In recent years we have seen the likes of Sears Corp, JCPenney, Debenhams, Peacocks and Forever 21 enter administration or undergo restructuring, primarily because they were not making money. Only yesterday, J Crew filed for bankruptcy protection.

They restructure and in that process a lot of their debts with suppliers are written off. But then they return and the whole process starts again.

This raises several questions. Firstly, if these businesses were failing the first-time round, why are they starting again? Does that failure not send a message to those involved? Why are these businesses being purchased again? Is it because there is a genuine market need for them? Or is it because those private equity businesses involved – and it is nearly always private equity – see a chance to make a fast buck?

In the UK, several retailers have been through pre-pack administrations. My own research suggests the companies that arise out of them – the reborn companies which come out of administration – have a very poor track record.

Peacocks has been in administration before and is likely to enter it again. Peacocks owes my own business a six-figure sum. Will I ever see this money? It is highly unlikely. How many suppliers – creditors – will Peacocks take down with it? Debenhams went into administration, how many creditors fell with it? And what about Forever 21 and JCPenney?

‘Playing the system’

There has to be a better way than this. I understand the issue of bankruptcy and I appreciate that we have to create a climate where business people are prepared to take risk. But there is a huge difference between genuine entrepreneurialism and risk-taking…and rank opportunism or people ‘playing the system’.

As I said earlier, being in business is hugely risky as a supplier. But the directors of many of these retailers seem to be playing by a different set of rules. It is a case of heads you win, tails…you also win. If the business is failing, they simply wipe the slate clean and start again. 

Is there a solution? Laws in the west will not change on these issues – that much has become clear in recent years. Therefore, the answer lies with us as suppliers. We cannot keep giving credit to what I term ‘zombie’ companies – retailers that have been in administration or through a restructuring. Tighten their payment terms or make them pay half up front, half later. If we give them credit there is a very good chance we may not see it again, so just don’t take the risk.

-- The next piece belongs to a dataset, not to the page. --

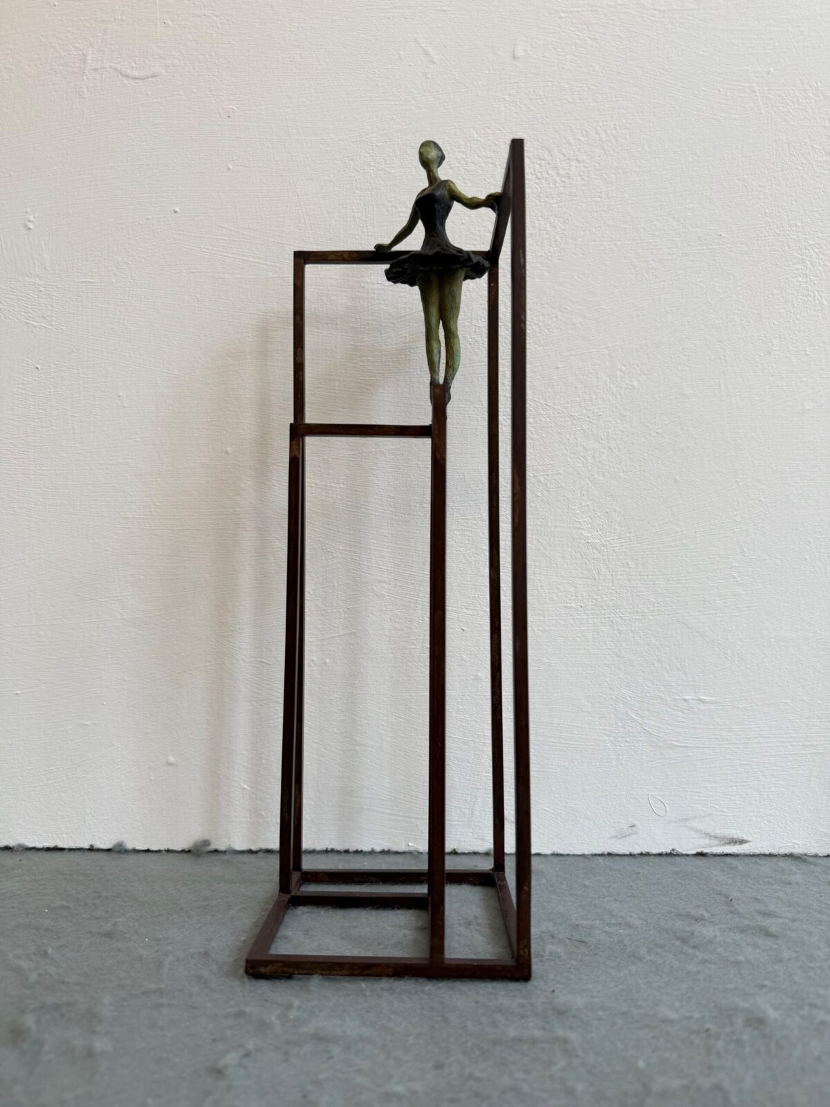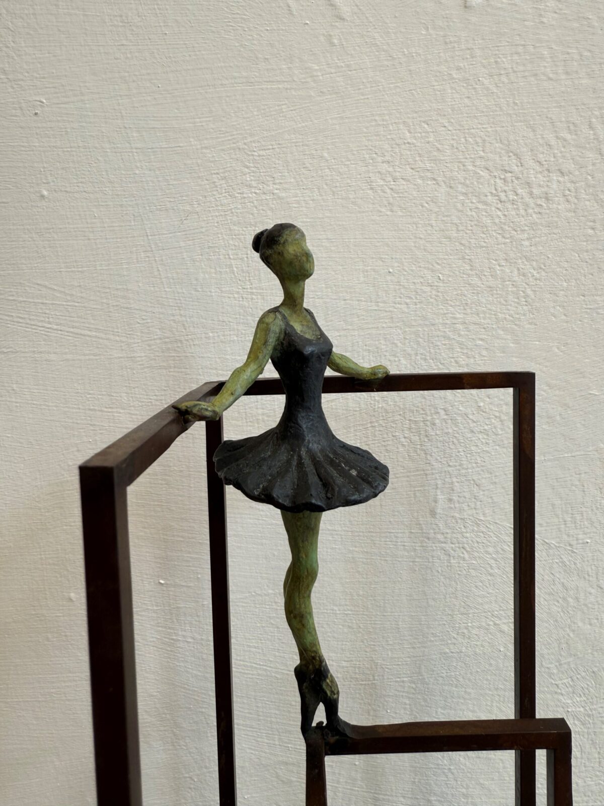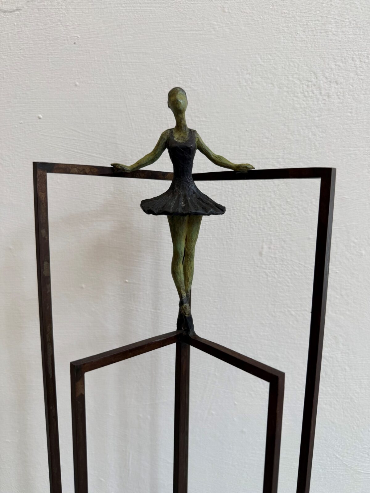 The woman made of bronze is warm and sensual and dances in a structure of rusted iron. The base rises impressively, creating a contradiction between both pieces. However, in Artigas Planas’ work , the geometrical base and the figure find a surprising harmony. In his sculptures the small goddess gets along with their everyday life. Joan is also able to show the efforts, joys and dreams of the quotidian life in their expressions.
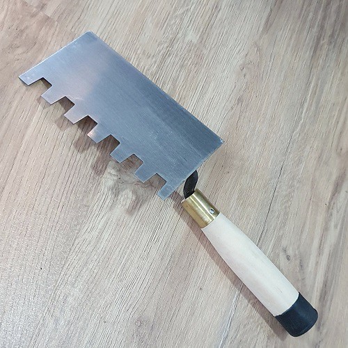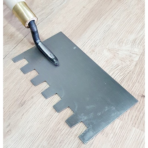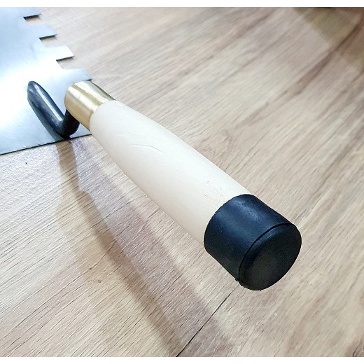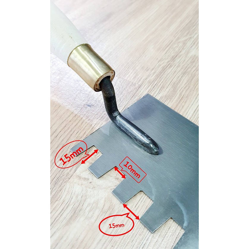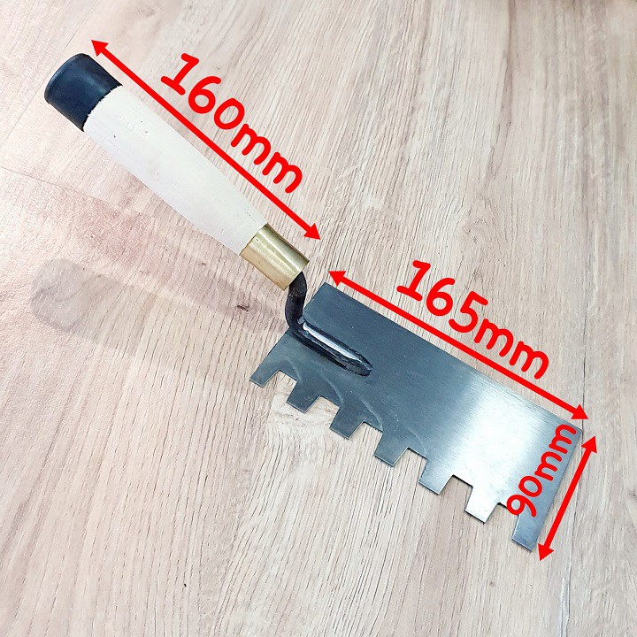 Đặc tính sản phẩm Bay Xây Tô Vuông Lưỡi Thép 9x16,5cm Rãnh Răng Cưa Vuông Lớn 15x15x10mm Cán Gỗ Đuôi Bọc Nhựa

All of us collectively as suppliers need to think about these issues, now and beyond Covid-19. It’s all well and good getting business and orders in, but these orders are useless if we don’t end up getting paid for them and they potentially take our companies down.

This is the playing field we are on these days – a field where different rules apply and where, for many of our customers, failure is never allowed to happen. We have to behave accordingly and take strong steps to protect our livelihoods in future.